Job Description
Job responsibilities
- Design, develop, and maintain robust data pipelines and ETL processes to ingest, process, and store large volumes of data from various sources.
- Collaborate with data scientists, analysts, and other stakeholders to understand data requirements and deliver solutions that meet business needs.
- Optimize and improve existing data systems for performance, scalability, and reliability.
- Implement data quality checks and validation processes to ensure data accuracy and integrity.
- Monitor and troubleshoot data pipeline issues, ensuring timely resolution and minimal disruption.
- Stay up-to-date with industry trends and best practices in data engineering and incorporate them into our processes.

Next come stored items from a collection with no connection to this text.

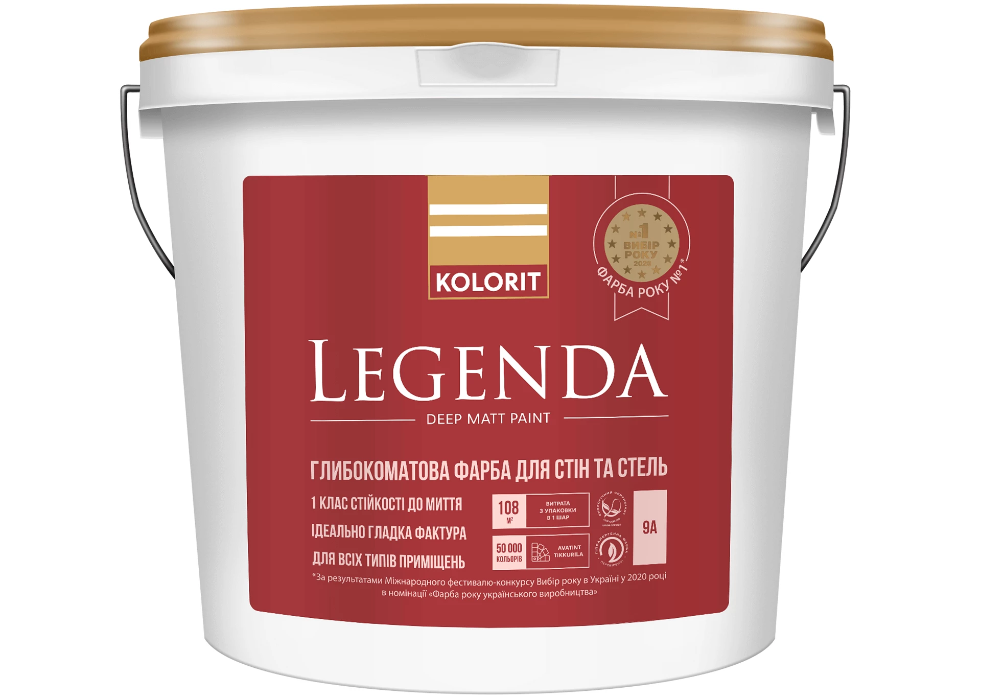 Водоемульсійна фарба глибоко матова KOLORIT LEGENDA база А 9л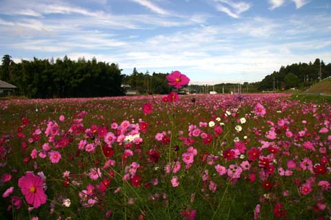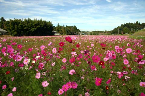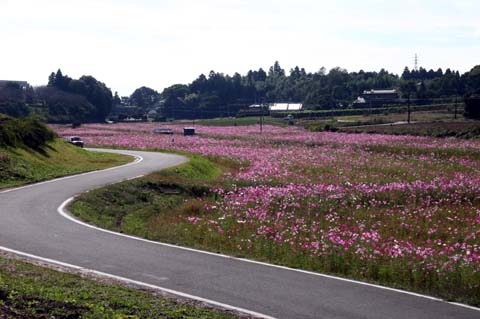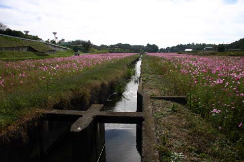 南側は希望ヶ丘団地、北側は畑の間、用水路の流れる休耕田(相当な広さ)にコスモスが満開です。一見の価値あり。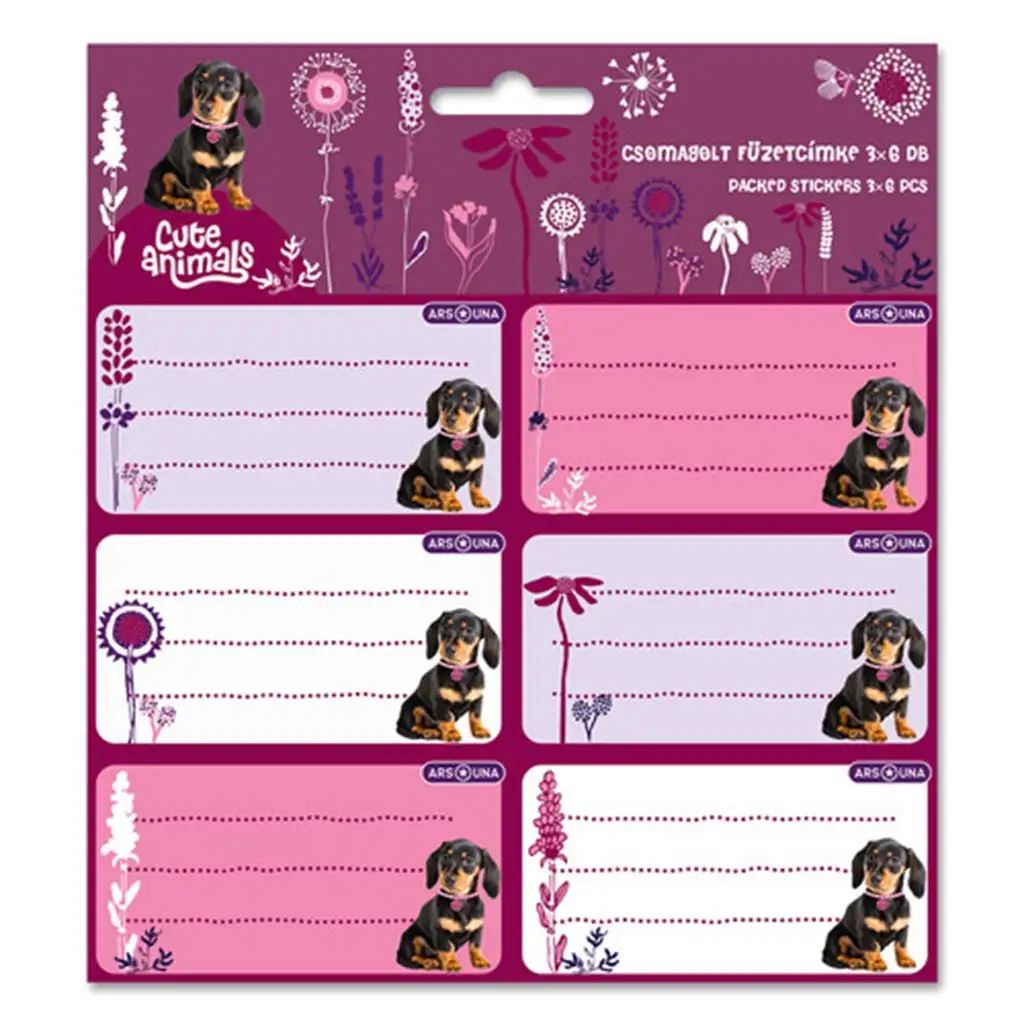 Ars Una: Rozkošné zvieratá - Balené zošitové etikety so psíkom 3x6 ks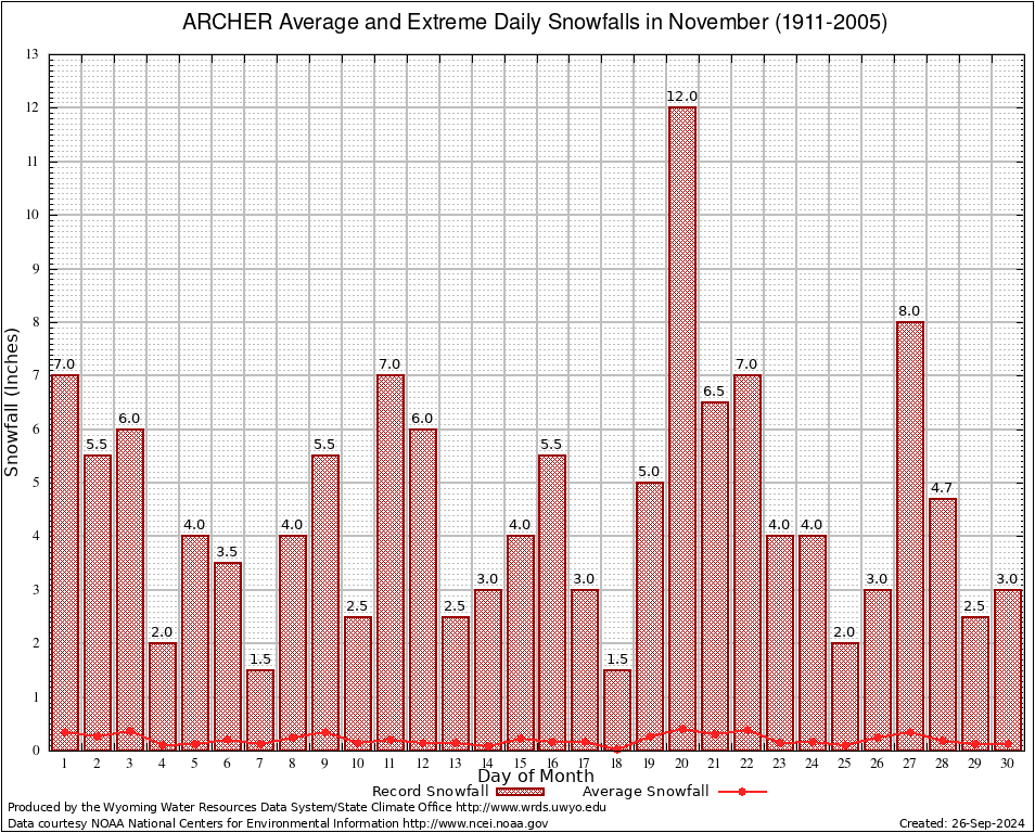 ARCHER (480270) November Average and Extreme Daily Snowfall AMounts (1911-2005) To index page for ARCHER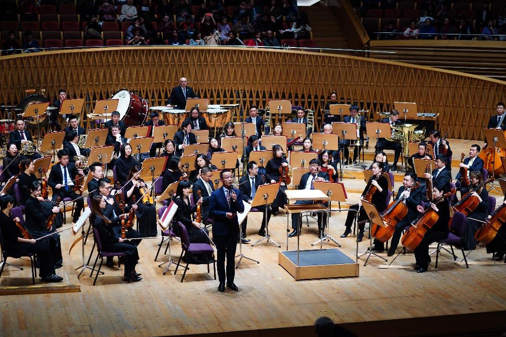 本場音樂會,中西方不同音樂之間的碰撞融合營造出一種莫名驚艷和諧的視聽夢境?!遁p騎兵序曲》雄壯威武地拉開了本場音樂會的序幕;《金銀圓舞曲》雍容華貴、光芒四射的表現(xiàn)感深入人心;《假日小號手》和大家耳熟能詳?shù)氖フQ名曲《雪橇》讓現(xiàn)場的氛圍既輕松又愉悅?!短K三》組曲用京劇的音樂語言,通過交響樂的形式展現(xiàn)出中華傳統(tǒng)文化無盡的獨特魅力;《洪湖主題隨想曲》《長征交響曲》表現(xiàn)了曲折壯麗的革命之路;民族味道十足的《信天游隨想》讓現(xiàn)場聽眾贊嘆不已。

Required qualifications, capabilities, and skills
- Formal training or certification on software engineering concepts and 5+ years of applied experience
- Proven experience as a Data Engineer or in a similar role.
- Strong proficiency in SQL and experience with relational databases (e.g., MySQL, PostgreSQL).
- Experience with big data technologies (e.g., Hadoop, Spark) and cloud platforms, particularly AWS.
- Proficiency in programming languages such as Python, Java, or Scala.
- Familiarity with data warehousing solutions, especially Snowflake, and ETL tools.
- Experience with infrastructure as code tools, particularly Terraform.
- Experience with Airflows or AWS MWAA.
- Experience with containerization and orchestration tools, especially Kubernetes.
- Proficiency with AWS services such as EKS (Elastic Kubernetes Service), EMR (Elastic MapReduce), Lambda, DynamoDb, and ECS (Elastic Container Service).
- Excellent problem-solving skills and attention to detail.
Preferred qualifications, capabilities, and skills
- Experience with Python, Java, Scala, AWS MWAA
- Knowledge of Hadoop, AWS, Terraform concepts and frameworks.
- Bachelor's degree in Computer Science, Engineering, or a related field.